▸ **Data shown**:

⟨

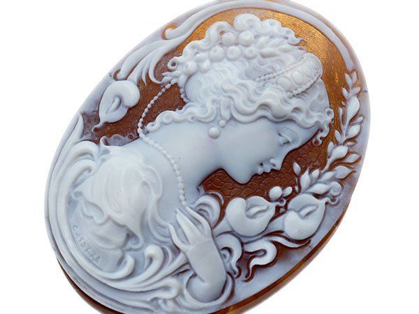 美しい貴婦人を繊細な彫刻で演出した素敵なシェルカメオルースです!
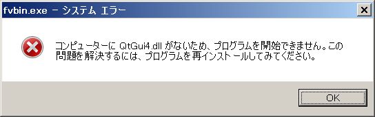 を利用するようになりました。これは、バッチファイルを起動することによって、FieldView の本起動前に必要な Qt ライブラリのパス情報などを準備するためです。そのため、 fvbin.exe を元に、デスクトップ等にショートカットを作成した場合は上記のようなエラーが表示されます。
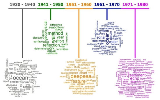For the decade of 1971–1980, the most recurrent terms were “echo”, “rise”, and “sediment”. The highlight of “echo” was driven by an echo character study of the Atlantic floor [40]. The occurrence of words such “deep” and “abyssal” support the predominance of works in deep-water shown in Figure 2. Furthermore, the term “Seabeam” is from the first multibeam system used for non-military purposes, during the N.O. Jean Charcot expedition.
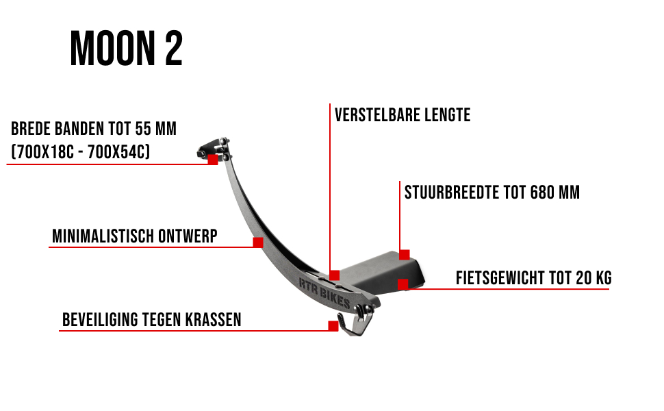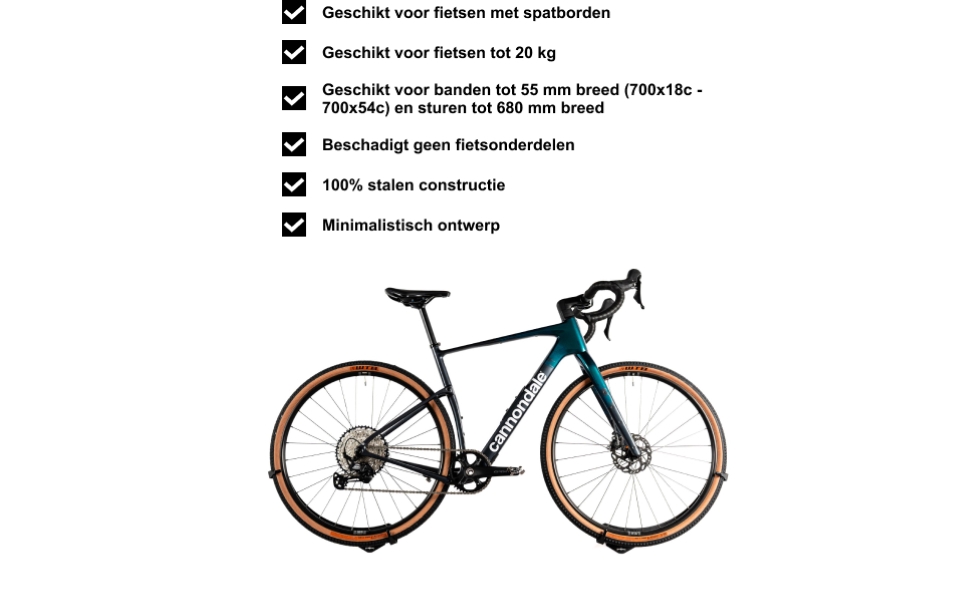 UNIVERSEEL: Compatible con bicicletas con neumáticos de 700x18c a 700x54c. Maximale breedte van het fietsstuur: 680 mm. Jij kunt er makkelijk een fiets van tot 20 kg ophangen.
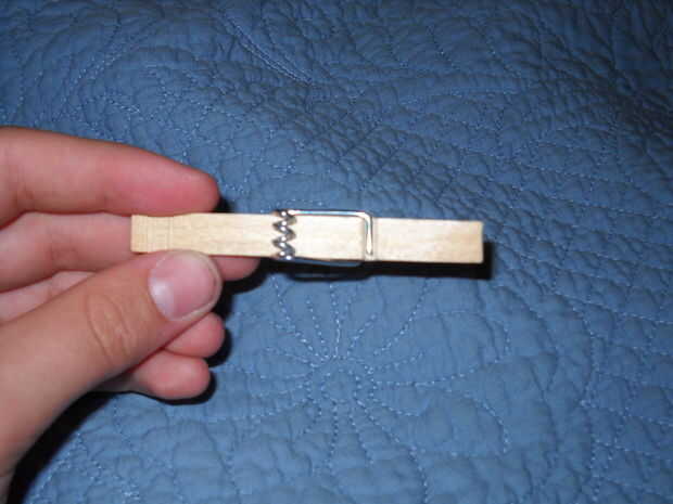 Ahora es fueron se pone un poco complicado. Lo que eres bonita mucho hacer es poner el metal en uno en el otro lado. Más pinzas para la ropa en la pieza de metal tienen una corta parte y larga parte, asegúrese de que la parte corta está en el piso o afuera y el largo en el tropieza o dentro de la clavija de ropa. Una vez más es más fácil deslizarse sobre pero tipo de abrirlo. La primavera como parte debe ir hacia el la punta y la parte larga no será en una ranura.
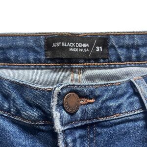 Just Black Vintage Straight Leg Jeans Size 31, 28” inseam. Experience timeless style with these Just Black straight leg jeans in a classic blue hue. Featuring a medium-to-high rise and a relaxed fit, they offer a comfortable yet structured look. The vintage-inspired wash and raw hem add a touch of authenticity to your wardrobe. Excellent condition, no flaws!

⟩
⟨

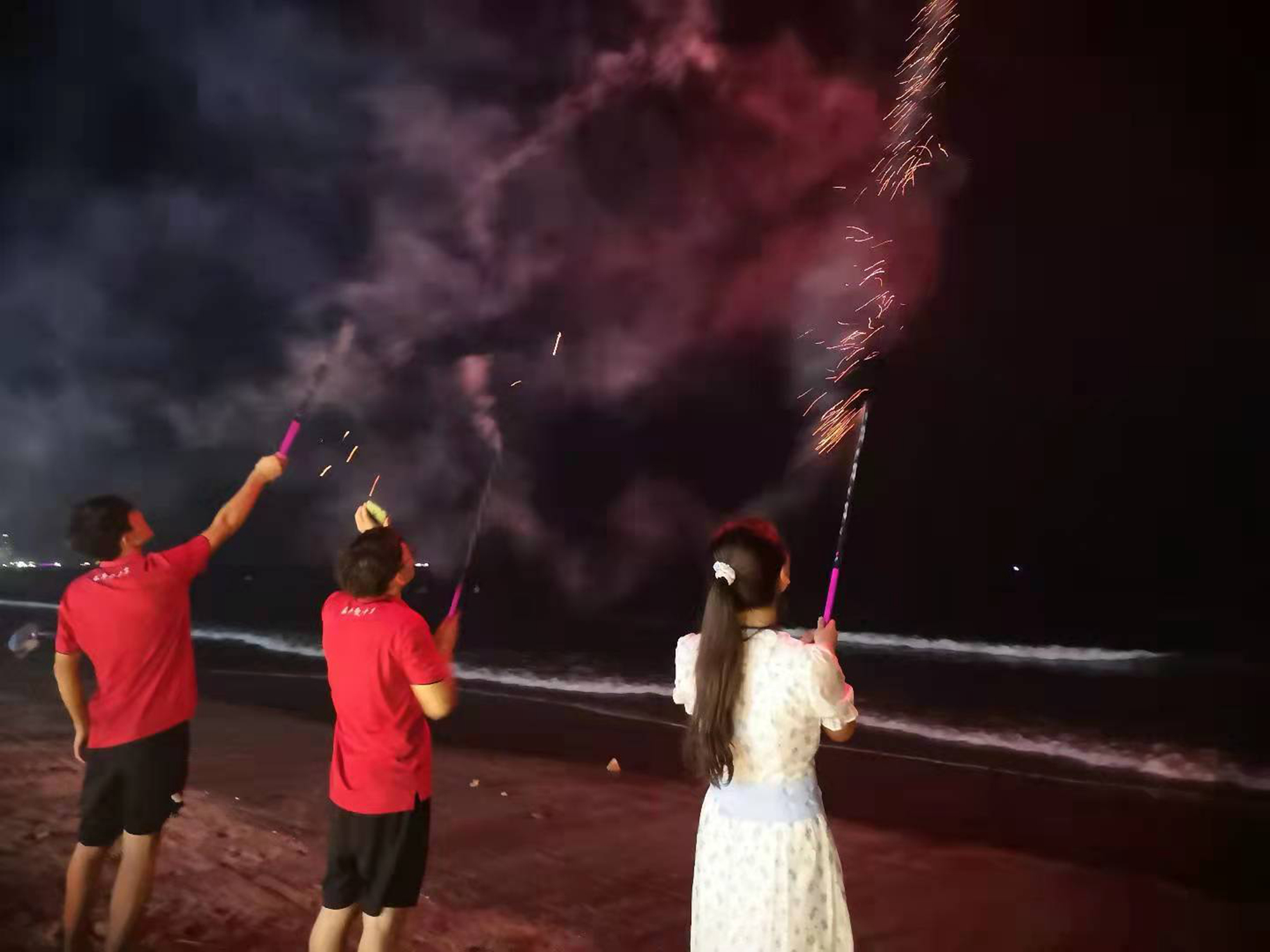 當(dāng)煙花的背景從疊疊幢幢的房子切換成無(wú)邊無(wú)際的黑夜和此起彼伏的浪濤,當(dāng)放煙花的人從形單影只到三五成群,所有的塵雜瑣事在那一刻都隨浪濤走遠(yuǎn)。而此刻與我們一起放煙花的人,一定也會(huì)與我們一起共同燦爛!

⟩
⟨

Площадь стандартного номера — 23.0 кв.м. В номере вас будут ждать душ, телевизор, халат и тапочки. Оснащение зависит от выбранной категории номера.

⟩

▸ **Your assignment**:
Only the lines above from the one containing "美しい貴婦人を繊細な彫刻で演出した素敵なシェルカメオルースです!" through the one containing "を利用するようになりました。これは、バッチファイルを起動することによって、FieldView の本起動前に必要な Qt" should be returned, verbatim and inclusive, with pictures excluded.

▸ **Solution for this problem**:
 美しい貴婦人を繊細な彫刻で演出した素敵なシェルカメオルースです!
 を利用するようになりました。これは、バッチファイルを起動することによって、FieldView の本起動前に必要な Qt ライブラリのパス情報などを準備するためです。そのため、 fvbin.exe を元に、デスクトップ等にショートカットを作成した場合は上記のようなエラーが表示されます。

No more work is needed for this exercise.